*EXERCISE DETAILS*. With pictures left out, output exactly the lines of the listing below from the line that has "This friction folder" to the line that has "Now select the", both lines kept.

*AVAILABLE DATA*.

---

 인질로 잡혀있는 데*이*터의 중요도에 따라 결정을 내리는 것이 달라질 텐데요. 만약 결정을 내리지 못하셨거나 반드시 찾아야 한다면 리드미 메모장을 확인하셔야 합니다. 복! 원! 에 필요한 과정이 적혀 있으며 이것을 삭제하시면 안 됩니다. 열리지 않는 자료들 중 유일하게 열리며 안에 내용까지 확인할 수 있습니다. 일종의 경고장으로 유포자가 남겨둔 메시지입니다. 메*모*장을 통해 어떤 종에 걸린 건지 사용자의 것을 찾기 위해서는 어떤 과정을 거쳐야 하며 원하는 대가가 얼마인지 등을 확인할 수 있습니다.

---

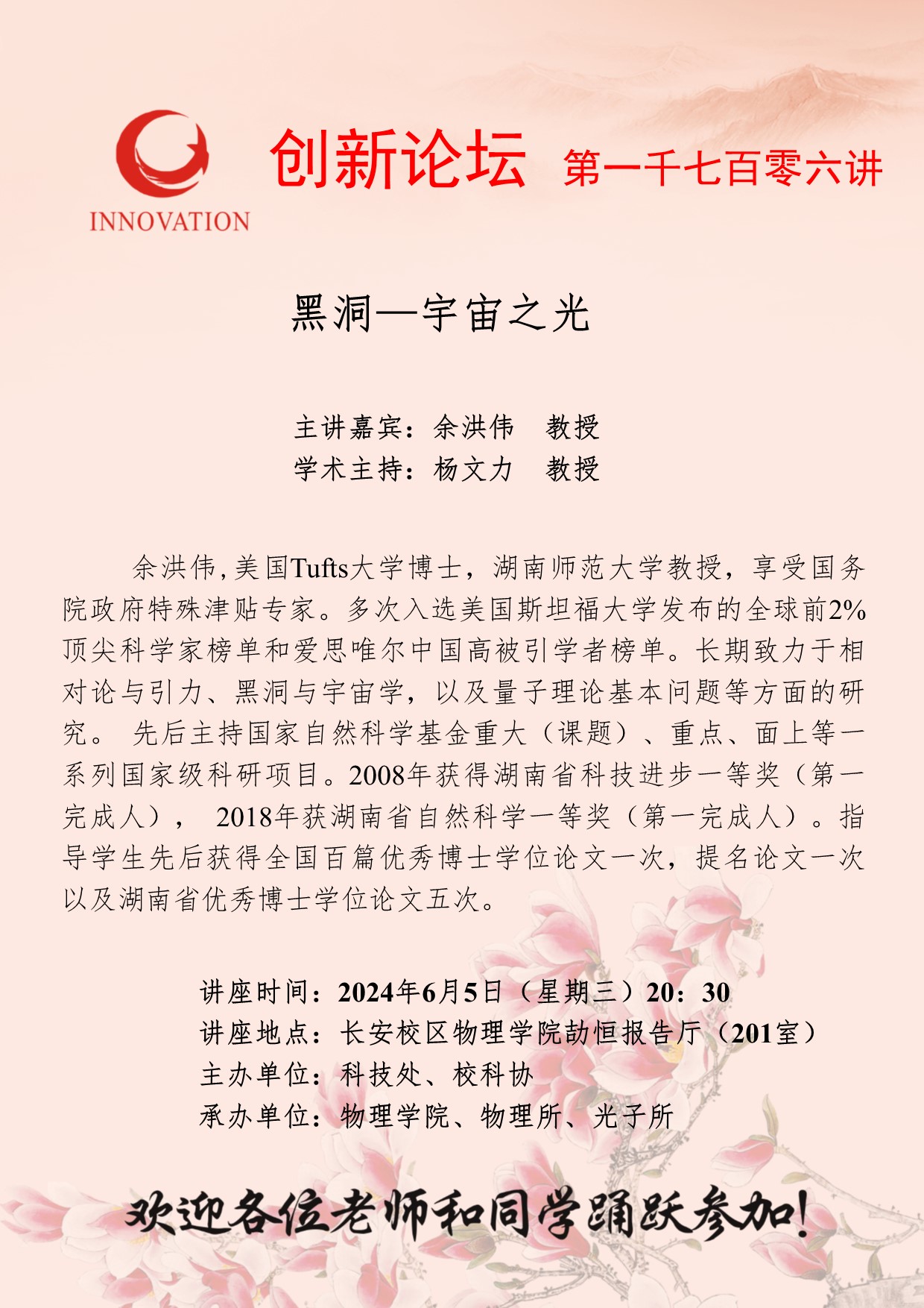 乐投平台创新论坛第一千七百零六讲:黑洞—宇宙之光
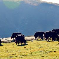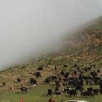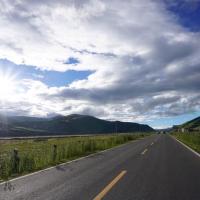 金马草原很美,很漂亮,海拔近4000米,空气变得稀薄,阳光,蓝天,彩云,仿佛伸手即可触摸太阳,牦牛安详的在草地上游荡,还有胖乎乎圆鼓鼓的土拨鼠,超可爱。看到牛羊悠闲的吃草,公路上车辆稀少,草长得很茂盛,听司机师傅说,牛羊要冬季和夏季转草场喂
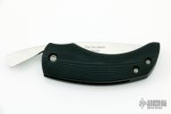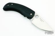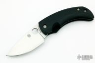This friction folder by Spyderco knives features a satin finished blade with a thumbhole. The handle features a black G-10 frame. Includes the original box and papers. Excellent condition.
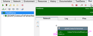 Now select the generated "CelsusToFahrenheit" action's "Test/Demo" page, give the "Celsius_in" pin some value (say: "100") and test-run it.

---

*REPLY*.
This friction folder by Spyderco knives features a satin finished blade with a thumbhole. The handle features a black G-10 frame. Includes the original box and papers. Excellent condition.
 Now select the generated "CelsusToFahrenheit" action's "Test/Demo" page, give the "Celsius_in" pin some value (say: "100") and test-run it.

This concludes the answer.